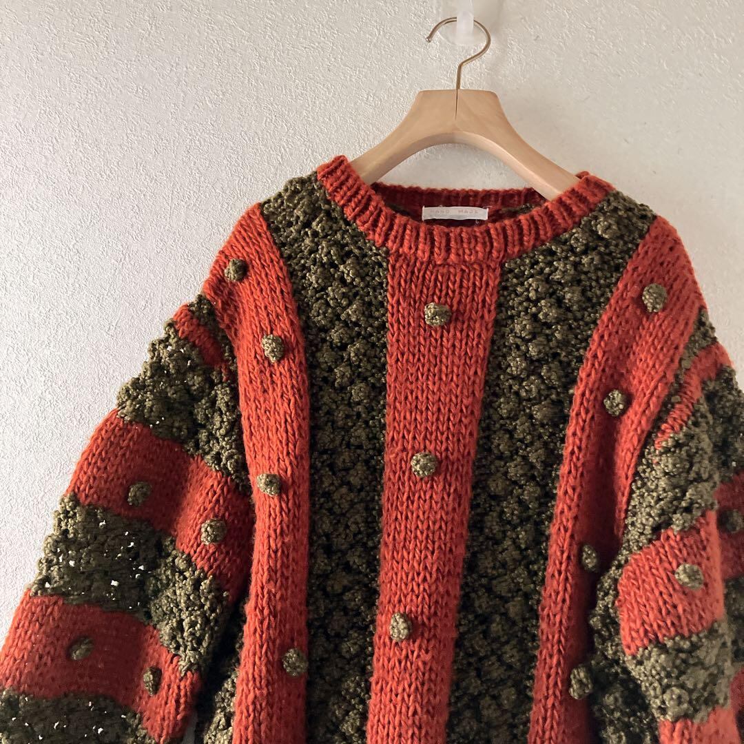 ハンドニット ポンポン ニット セーター 玉編み ストライプ柄 カーキ 橙
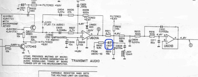 Per ridurre il livello del tono CTCSS in trasmissione bisogna dissaldare un terminale del condensatore elettrolitico C607 da 1uF ed inserire in serie un trimmer da 22 Kohm. Aumentando la resistenza si ridurrą il livello del subtono e viceversa.
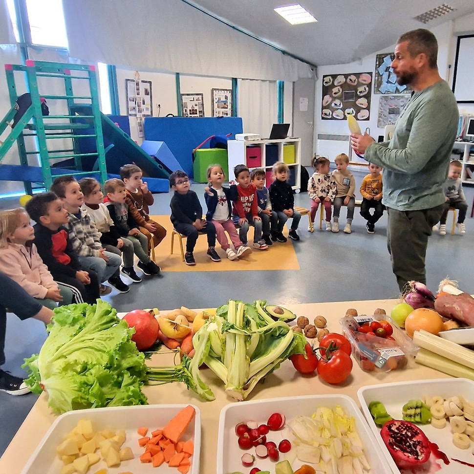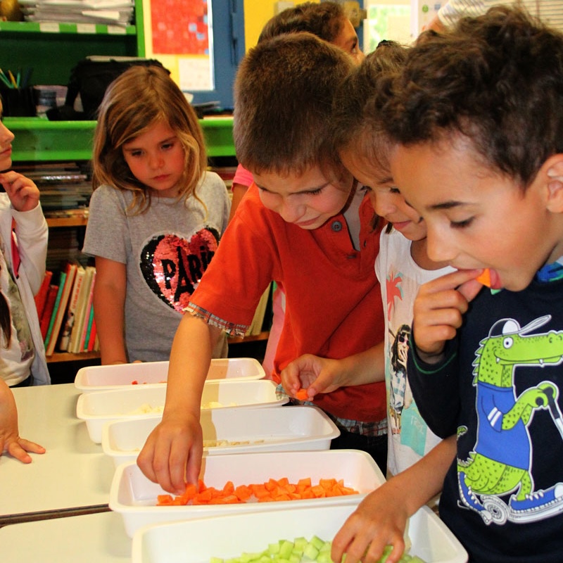Et si on croquait l’automne ? Et si on goûtait le printemps ? Autour d’un rituel simple et gourmand, fruits et légumes parlent de leur saison. Les enfants découvrent ensemble les mêmes saveurs, partagent leurs impressions et comparent leurs ressentis. Entre découpe en direct et dégustation collective, c’est un véritable festival de sensations qui s’organise dans la classe 🙂

---

• ACTION ITEM:
Give the listing above again word for word, without its pictures.

• SOLUTION FOR THIS TASK:
 ハンドニット ポンポン ニット セーター 玉編み ストライプ柄 カーキ 橙
 Per ridurre il livello del tono CTCSS in trasmissione bisogna dissaldare un terminale del condensatore elettrolitico C607 da 1uF ed inserire in serie un trimmer da 22 Kohm. Aumentando la resistenza si ridurrą il livello del subtono e viceversa.
Et si on croquait l’automne ? Et si on goûtait le printemps ? Autour d’un rituel simple et gourmand, fruits et légumes parlent de leur saison. Les enfants découvrent ensemble les mêmes saveurs, partagent leurs impressions et comparent leurs ressentis. Entre découpe en direct et dégustation collective, c’est un véritable festival de sensations qui s’organise dans la classe 🙂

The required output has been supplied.